# wondering about transitions



## bmwr71 (Jan 30, 2010)

Have trouble finding time to look on the forums from all the email I get. One of the regular things I get is the Model Railroad Academy teaser videos and saw one the other day on stopping derailments. One of the things mentioned was transitions. One was transitions into curves and I get that would probably be in the realm of flex track. They also spoke of transitions for grades, going up or down hills. I imagine that would involve bending track vertically bowed up versus horizontally as with a curve transition. Does anyone do that in G?

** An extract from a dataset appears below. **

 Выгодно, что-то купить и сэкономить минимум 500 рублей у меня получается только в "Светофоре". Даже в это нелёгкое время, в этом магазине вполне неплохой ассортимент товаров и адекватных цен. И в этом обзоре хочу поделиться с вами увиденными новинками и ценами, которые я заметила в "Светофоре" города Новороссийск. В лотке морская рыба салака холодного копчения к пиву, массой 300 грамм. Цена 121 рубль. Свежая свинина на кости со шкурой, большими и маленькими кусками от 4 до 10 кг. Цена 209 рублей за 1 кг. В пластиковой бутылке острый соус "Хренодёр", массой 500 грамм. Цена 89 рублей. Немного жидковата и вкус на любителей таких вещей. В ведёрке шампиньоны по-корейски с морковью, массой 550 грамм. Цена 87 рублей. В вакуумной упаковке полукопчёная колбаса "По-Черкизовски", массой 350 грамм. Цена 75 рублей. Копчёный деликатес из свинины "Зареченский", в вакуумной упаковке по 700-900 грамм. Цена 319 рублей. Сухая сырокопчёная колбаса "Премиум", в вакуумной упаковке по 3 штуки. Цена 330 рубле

Also wondered if anyone ever makes their own rerailer inserts between rails say for bridges? 

Doug


----------



## David Leech (Dec 9, 2008)

Hi Doug,
It probably depends on what you run and at what speed!
I run live steam at mainline speed so transition curves are essential for the amount of weight needing to change direction, plus it also looks more realistic.
My track is reasonable level, so I can't comment on vertical transitions.
Regards,
David Leech, Delta, Canada


----------



## fsts2k (Jan 13, 2009)

Agree with David, I put in transitions in my live steam layout and it helps the trains run and look more smoothly. That said, I bent all my own curves with a bender, I did not use sectional track


----------



## Pete Thornton (Jan 2, 2008)

> They also spoke of transitions for grades, going up or down hills. I imagine that would involve bending track vertically bowed up versus horizontally as with a curve transition. Does anyone do that in G?


It happens when someone steps on the track, without any warning. 

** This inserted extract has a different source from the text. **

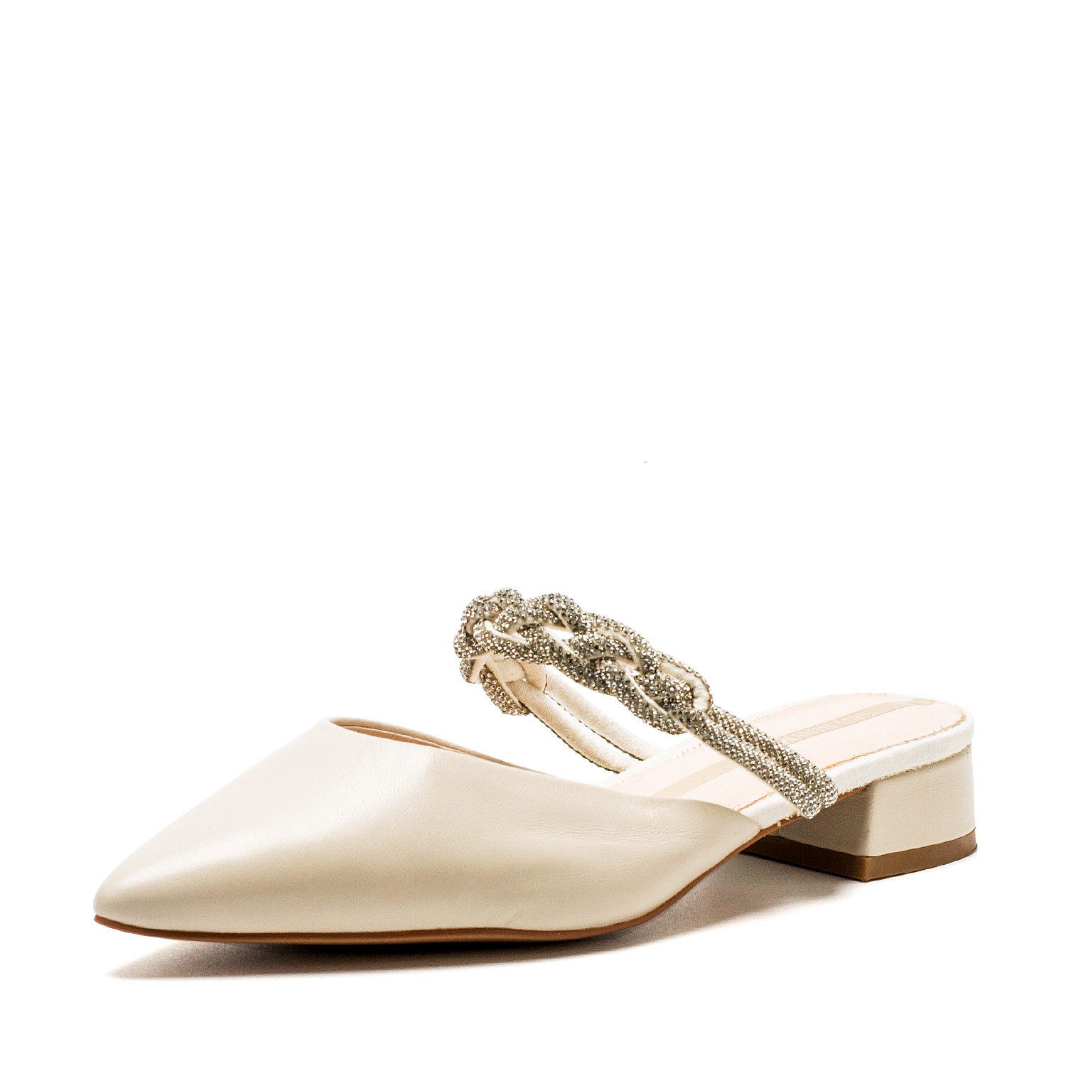 真皮包头凉拖鞋子女米白色羊皮尖头低粗跟后空套脚水钻MD21114D15

As you note, flex track makes it easier to handle transitions. We do try to keep our hills down to a manageable 3-4% grade, and it is not clear you need to do any bending to make that happen - although with flex track you may have to, to make it perform a smooth curve.

Incidentally, with non-flex track, you can make a curve transition using wider radius curves at the start and end of the curved portion, with tighter radius in the middle parts. It makes track planning more difficult, but performs the job of a 'transition' into the curve.




> Also wondered if anyone ever makes their own rerailer inserts between rails say for bridges?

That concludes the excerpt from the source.